--- START ---
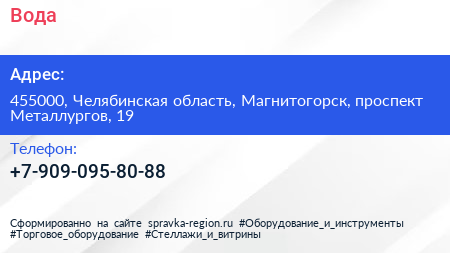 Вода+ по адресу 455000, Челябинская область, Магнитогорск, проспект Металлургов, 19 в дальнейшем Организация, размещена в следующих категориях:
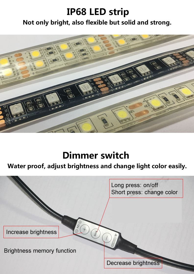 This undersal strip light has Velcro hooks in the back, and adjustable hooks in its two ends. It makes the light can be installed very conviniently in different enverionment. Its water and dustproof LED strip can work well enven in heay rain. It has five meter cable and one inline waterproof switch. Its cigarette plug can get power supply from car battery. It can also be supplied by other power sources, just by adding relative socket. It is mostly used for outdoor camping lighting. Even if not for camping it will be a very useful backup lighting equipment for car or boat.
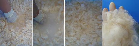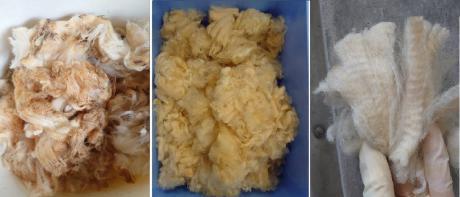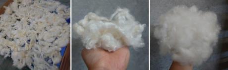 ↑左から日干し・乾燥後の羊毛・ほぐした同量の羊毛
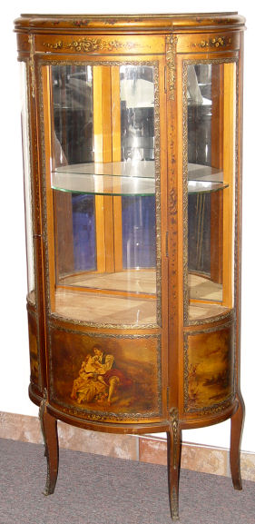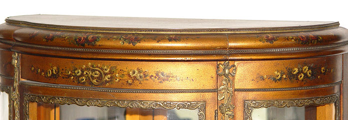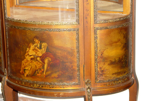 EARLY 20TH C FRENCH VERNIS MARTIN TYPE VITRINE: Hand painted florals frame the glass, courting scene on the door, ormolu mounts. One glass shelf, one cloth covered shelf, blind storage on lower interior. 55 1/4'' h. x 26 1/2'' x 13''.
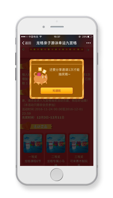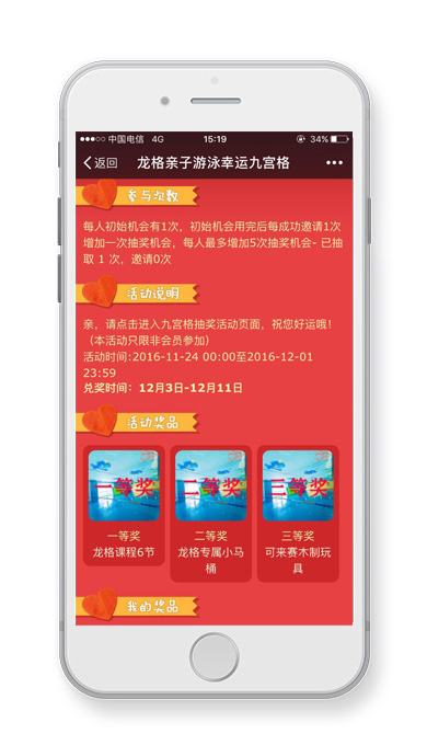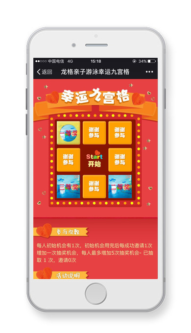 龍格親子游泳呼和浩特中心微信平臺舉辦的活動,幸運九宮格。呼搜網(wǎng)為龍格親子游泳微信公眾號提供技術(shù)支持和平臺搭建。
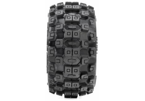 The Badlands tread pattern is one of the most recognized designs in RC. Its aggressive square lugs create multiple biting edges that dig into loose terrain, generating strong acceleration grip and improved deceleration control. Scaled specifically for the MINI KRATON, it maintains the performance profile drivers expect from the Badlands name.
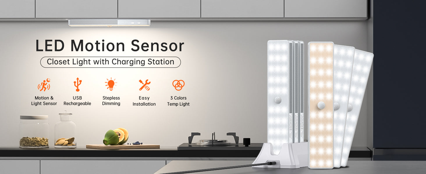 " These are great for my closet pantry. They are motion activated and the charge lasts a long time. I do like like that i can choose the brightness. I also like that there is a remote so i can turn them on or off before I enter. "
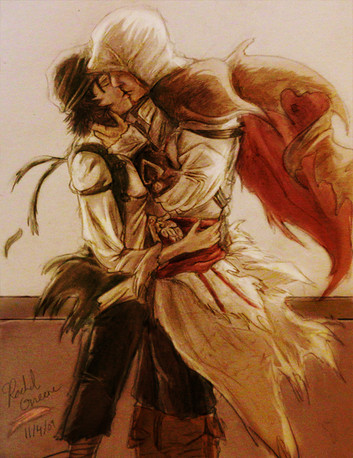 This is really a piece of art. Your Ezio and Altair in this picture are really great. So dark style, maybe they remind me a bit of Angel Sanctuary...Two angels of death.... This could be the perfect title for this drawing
--- END ---
#### WORK REQUEST
Leave out all pictures and output each line exactly, from the top of the records through the line that holds "龍格親子游泳呼和浩特中心微信".

#### EXERCISE SOLUTION
 Вода+ по адресу 455000, Челябинская область, Магнитогорск, проспект Металлургов, 19 в дальнейшем Организация, размещена в следующих категориях:
 This undersal strip light has Velcro hooks in the back, and adjustable hooks in its two ends. It makes the light can be installed very conviniently in different enverionment. Its water and dustproof LED strip can work well enven in heay rain. It has five meter cable and one inline waterproof switch. Its cigarette plug can get power supply from car battery. It can also be supplied by other power sources, just by adding relative socket. It is mostly used for outdoor camping lighting. Even if not for camping it will be a very useful backup lighting equipment for car or boat.
 ↑左から日干し・乾燥後の羊毛・ほぐした同量の羊毛
 EARLY 20TH C FRENCH VERNIS MARTIN TYPE VITRINE: Hand painted florals frame the glass, courting scene on the door, ormolu mounts. One glass shelf, one cloth covered shelf, blind storage on lower interior. 55 1/4'' h. x 26 1/2'' x 13''.
 龍格親子游泳呼和浩特中心微信平臺舉辦的活動,幸運九宮格。呼搜網(wǎng)為龍格親子游泳微信公眾號提供技術(shù)支持和平臺搭建。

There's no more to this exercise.